2018 Cupa României final
- Event: 2017–18 Cupa României
| Hermannstadt | Universitatea Craiova |
| 0 | 2 |
- Date: 27 May 2018
- Venue: Arena Națională, Bucharest
- Referee: Marcel Bîrsan
- Attendance: 30,642
- Weather: Clear

= 2018 Cupa României final =

The 2018 Cupa României final was the final match of the 2017–18 Cupa României and the 80th final of the Cupa României, Romania's premier football cup competition. It was played on 27 May 2018 between Hermannstadt and Universitatea Craiova.

Hermannstadt reached their first ever cup final in the third year of the club's existence. They are the 14th team, and the first in 36 years, to reach the final while not playing in the top league.

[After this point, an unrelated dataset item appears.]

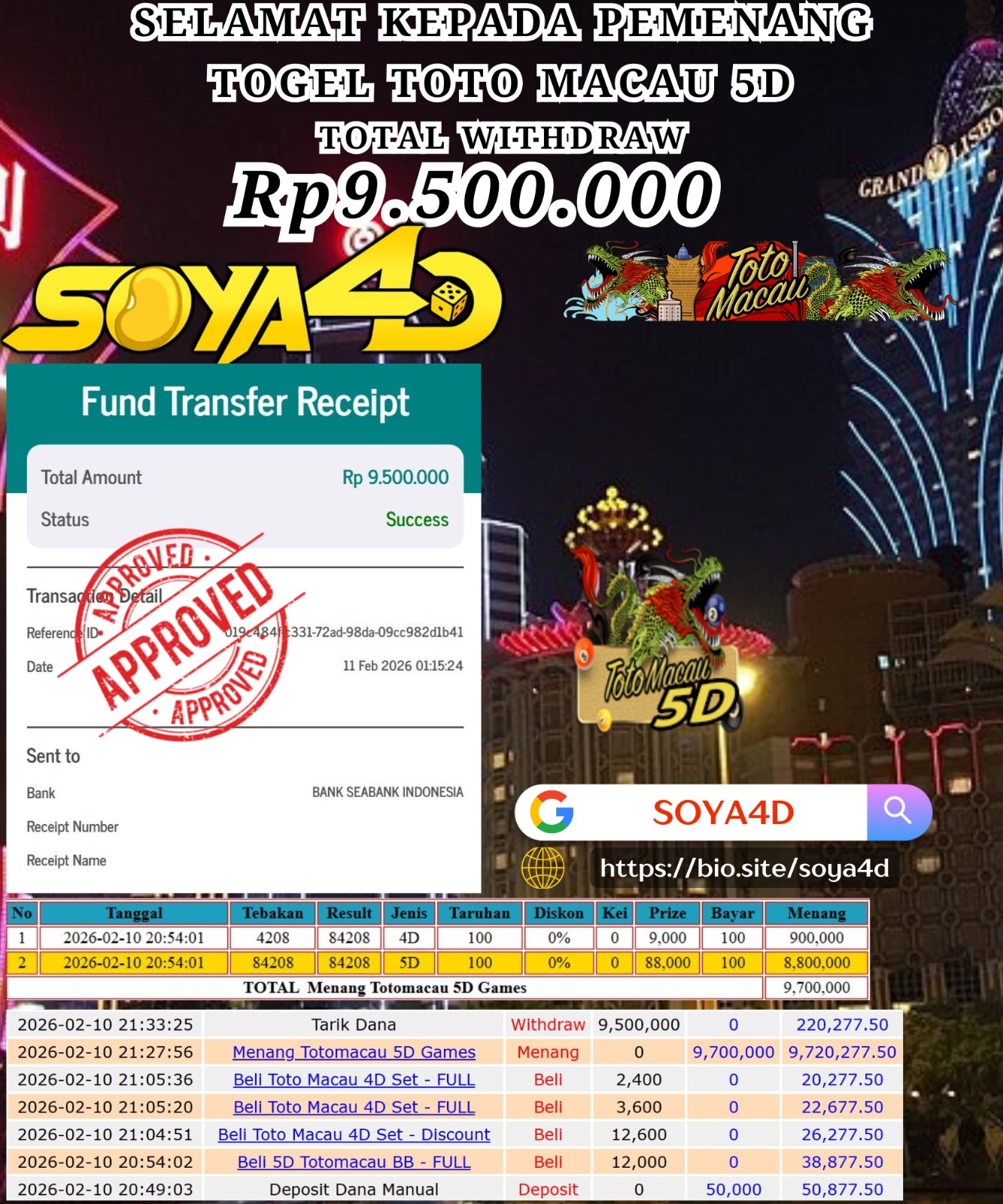 Selamat kepada Userid : Wen*** Telah berhasil mendapatkan kemenangan besar pada permainan TOGEL TOTO MACAU 5D. Dengan kemenangan Sebesar Rp. 9.500.000.-. Setelah mengisi formulir withdraw dengan kurang waktu hanya 1 – 10 menit pihak SOYA4D sudah melakukan transfer kepada pemilik user id. Dan dana sudah masuk ke rekening id tersebut oleh pemenang. Bukti pembayaran yang kami berikan merupakan bukti pembayaran yang SAH / VALID yang langsung di dapatkan melalui tanda transfer transaksi berhasil dari Bank yang di tuju. Kami juga mengucapakan banyak Terima Kasih Kepada pemenang karena sudah mempercayakan kami sebagai Bandar Tepercaya yang membayar semua kemenangan member hingga lunas.

This was the first final for Universitatea since 1991, and the first for a team from Craiova in 18 years.

The winner qualified for the 2018–19 UEFA Europa League. They also earned the right to play against 2017–18 Liga I champions for the 2018 Supercupa României.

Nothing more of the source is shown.